Other forms of ritual slaughter, such as Islamic ritual slaughter, have also come under controversy. Writing for PETA, Logan Scherer said that animals sacrificed according to Islamic law can not be stunned before they are killed.
Muslims are only allowed to eat meat that has been killed according to
Sharia law and they say that Islamic law on ritual slaughter is
designed to reduce the pain and distress that the animal suffers.
According to the Farm Animal Welfare Committee, halal and kosher practices should be banned because when animals are not stunned before death, they suffer needless pain for up to 2 minutes despite some Muslims and Jews arguing that loss of blood from slash to the throat renders the animals unconscious relatively quickly.
Response to criticism of morality
Not all religions are hostile to homosexuality. Both Reform Judaism and the Unitarian Universalist Association have advocated for equal rights for gay and lesbian people since the 1970s. Hinduism does not view homosexuality as an issue.
Many Christians have made efforts toward establishing racial equality, contributing to the civil rights movement. The African American Review sees as important the role Christian revivalism in the black church played in the civil rights movement. Martin Luther King Jr., an ordained Baptist minister, was a leader of the American civil rights movement and president of the Southern Christian Leadership Conference, a Christian civil rights organization.
Corrupt purposes of leaders
Corrupt or immoral leaders
Dominionism
The term "dominionism" is often used to describe a political movement among fundamentalist Christians.
Critics view dominionism as an attempt to improperly impose
Christianity as the national faith of the United States.
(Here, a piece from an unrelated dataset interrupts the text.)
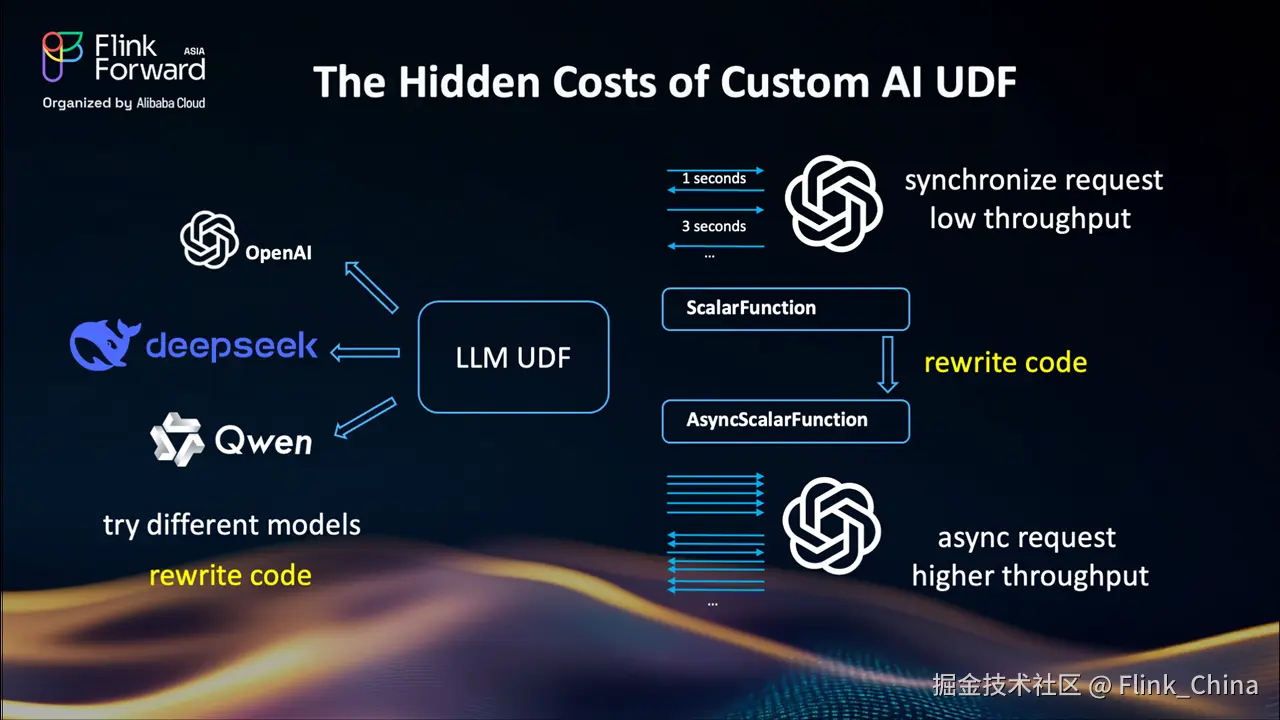 代码重写:如果我们想从 OpenAI 切换到阿里云,我们需要重写 UDF 代码。测试不同的模型?更多的代码更改。这种方法无法扩展。每次新模型或 API 更改时重写 UD F代码是不高效的。

It emerged in
the late 1980s inspired by the book, film and lecture series "Whatever
Happened to the Human Race?" by Francis A. Schaeffer and C. Everett Koop. Schaeffer's views influenced conservatives like Jerry Falwell, Pat Robertson, Tim LaHaye, John W. Whitehead
and although they represent different theological and political ideas,
dominionists believe they have a Christian duty to take "control of a
sinful secular society", either by putting fundamentalist Christians in
office, or by introducing biblical law into the secular sphere. Social scientists have used the word "dominionism" to refer to adherence to dominion theology as well as to the influence in the broader Christian right of ideas inspired by dominion theology.
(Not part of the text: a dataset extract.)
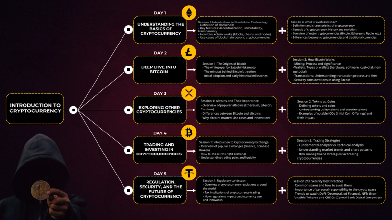 This 6-day bootcamp is designed to provide participants with a comprehensive understanding of cryptocurrency and Bitcoin. Over the course of six days, attendees will explore the fundamentals of blockchain technology, the workings of Bitcoin, various cryptocurrencies, practical trading strategies, regulatory considerations, and potential future trends in the cryptocurrency space.

In the early 1990s, sociologist Sara Diamond and journalist Frederick Clarkson defined "dominionism" as a movement that while including dominion theology and Christian reconstructionism as subsets, it is much broader in scope, extending to much of the Christian right. Beginning in 2004 with essayist Katherine Yurica, a group of authors including journalist Chris Hedges, Marion Maddox, James Rudin, Sam Harris and the group TheocracyWatch, began applying the term to a broader spectrum of people than have sociologists such as Diamond.
Response to criticism of dominionism
There are few full adherents to reconstructionism are limited to conservative Christians.
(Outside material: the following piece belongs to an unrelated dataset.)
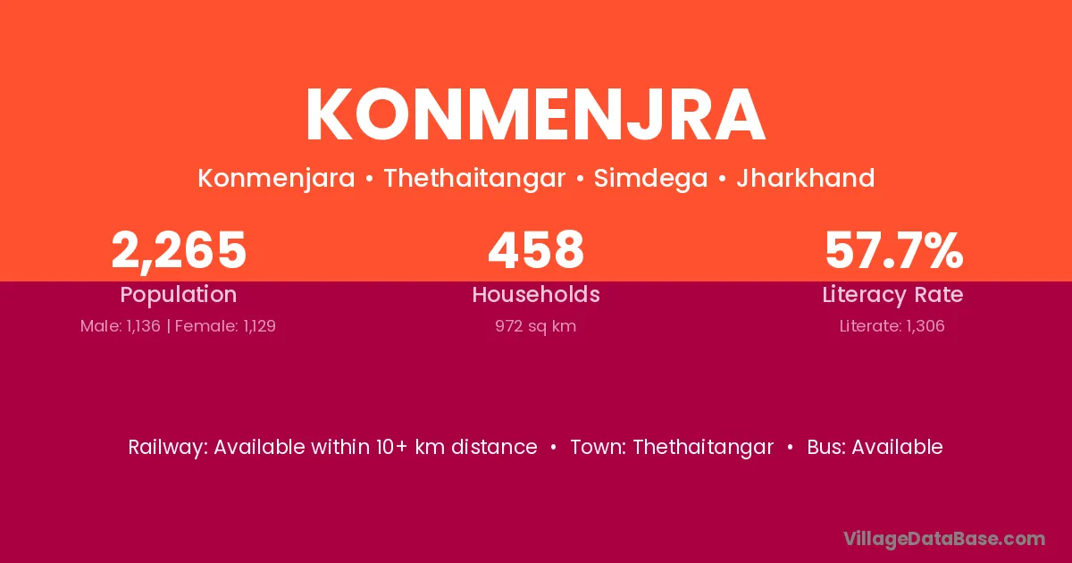 Konmenjra village has a total population of 2,265 people, of which 1,136 are males and 1,129 are females.

The terms "dominionist" and "dominionism" are rarely used for
self-description and their usage has been attacked from several quarters
noting that the term is vague, unfairly links evangelicals to
extremism, is highly exaggerated and are more akin to conservative smear
in the likes of a conspiracy theory.
Journalist Anthony Williams charged that its purpose is "to smear the
Republican Party as the party of domestic Theocracy, facts be damned". Kurtz also complained about a perceived link between average Christian evangelicals and extremism such as Christian reconstructionism.